Mereka menghadap bambu yang telah dipotong kecil-kecil dan rapi, juga tali dari pelepah tanaman untuk mengikat anyaman.
Turyati, warga RT 2 RW 2 Dusun Bantar Kertayasa mengerahkan cukup tenaga untuk membuat tudung saji. Ia menahan ujung kerangka dengan kaki agar kencang saat dianyam. Sementara tangannya sibuk menutup badan kerangka dengan irisan bambu, lalu menalinya kuat-kuat hingga bentuk saji sempurna.
"Hampir setiap ibu rumah tangga di sini buat kerajinan. Lumayan bisa membantu suami dan sekolahkan anak,"katanya, Senin (11/9)
Dalam seminggu, Turyati mengaku bisa membuat sekitar 30 tudung saji. Alat rumah tangga itu dibeli oleh tengkulak yang beberapa hari sekali mendatangi rumah para pengrajin.
Tudung saji berukuran jumbo dihargai sekitar Rp 18 ribu oleh tengkulak. Sementara yang berukuran sedang dibeli seharga berkisar Rp 15 ribu .
Tudung saji karya perempuan desa ini sudah diakui mutunya. Tidak sembarang bambu rupanya bisa dipakai membuat tudung saji. Para pengrajin biasa memakai bambu wulung karena dianggap memiliki beberapa kaunggulan.

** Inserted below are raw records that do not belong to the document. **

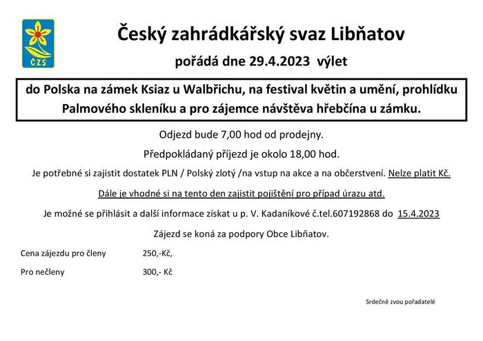 libňatovští zahrádkáři zvou na perfektní jarní výlet do Polska. Využijte toho a jeďte se podívat na zahrádkářskou inspiraci, ale i na prohlídku zámku nebo hřebčína!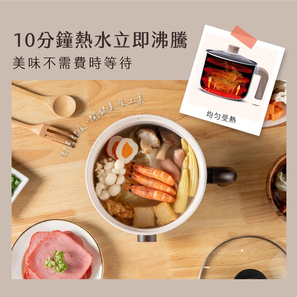 好清潔不沾鍋,鎖住溫度不燙手 同時蒸煮簡單又快速,個人獨享、多人分享皆適用 烹煮、清洗便利順手,食材翻炒不噴濺 烹煮狀況一目了然,快速開美食上桌 滿足各種料理需求,防乾燒、溫度過載斷電保護 有效防止發熱盤過熱,延長使用壽命,預防滲水使用更安心 舒適好握精細質感,視覺味蕾雙倍滿足
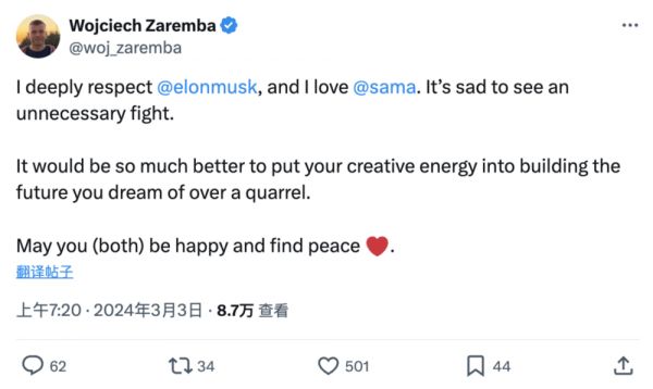 就在几天前,参与此次署名的 OpenAI 联合创始人之一 Zaremba 在 X 上公开表示,“我非常尊敬 elon,也非常喜欢 sama。看到无谓的争吵令人难过。与其争吵,不如把你们的创造力投入到建设你们梦想的未来中去。”
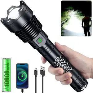 Rechargeable LED Flashlights 10000.00 High Lumens, High Powered Waterproof Tactical Flashlight Spotlight Flashlight for Home, Bright Flashlight Black for Outdoor Camping Emergency

Mereka membelinya seharga Rp 17 ribu perbatang dari pasar bambu yang ada di desa. Pasar itu mendadak muncul seiring dengan tingginya permintaan bambu dari para pengrajin di desa.

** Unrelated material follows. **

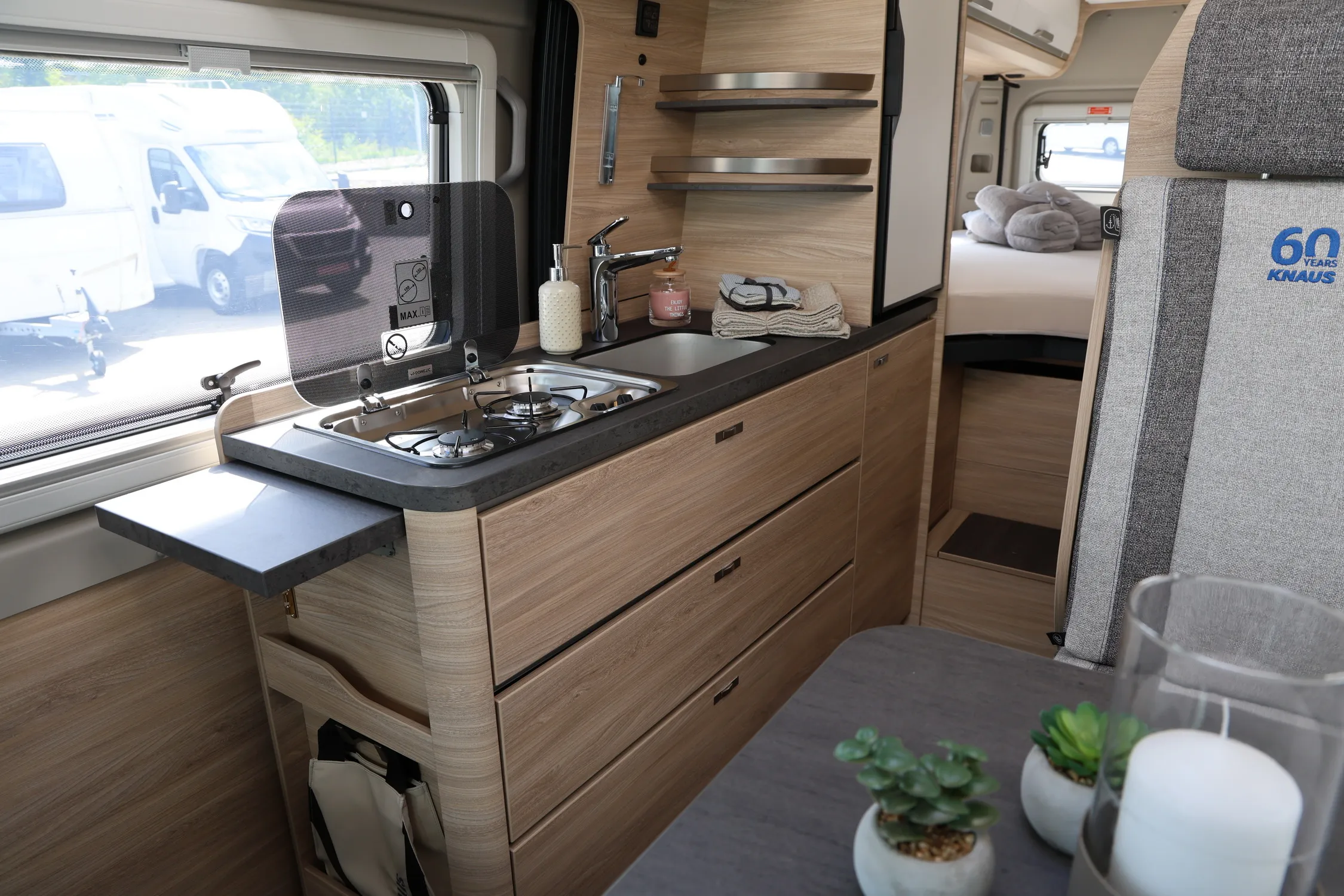 Kompakter alltagstauglicher Knaus CamperVan BoxLife Pro 630 Freeway 60 YEARS als limitiertes Sondermodell zum Aktionspreis! Zusätzlich zur 60 YEARS Jubiläumsausstattung ist nachfolgende traumhafte Vollausstattung bereits im Fahrzeugpreis enthalten:

"Bahan baku tidak jadi kendala. Karena selalu tersedia di pasar yang disuplai dari daerah luar,"katanya
Bambu bahan itupun tak langsung bisa dipakai untuk membuat tudung saji. Batang bambu terlebih dulu direndam ke dalam kolam. Perendaman bambu hingga berminggu-minggu atau berbulan-bulan itu merupakan cara tradisional untuk mengawetkan bahan.
Bambu rendaman juga dipercaya lebih tahan terhadap serangan hewan pengerat, serta tak gampang lapuk.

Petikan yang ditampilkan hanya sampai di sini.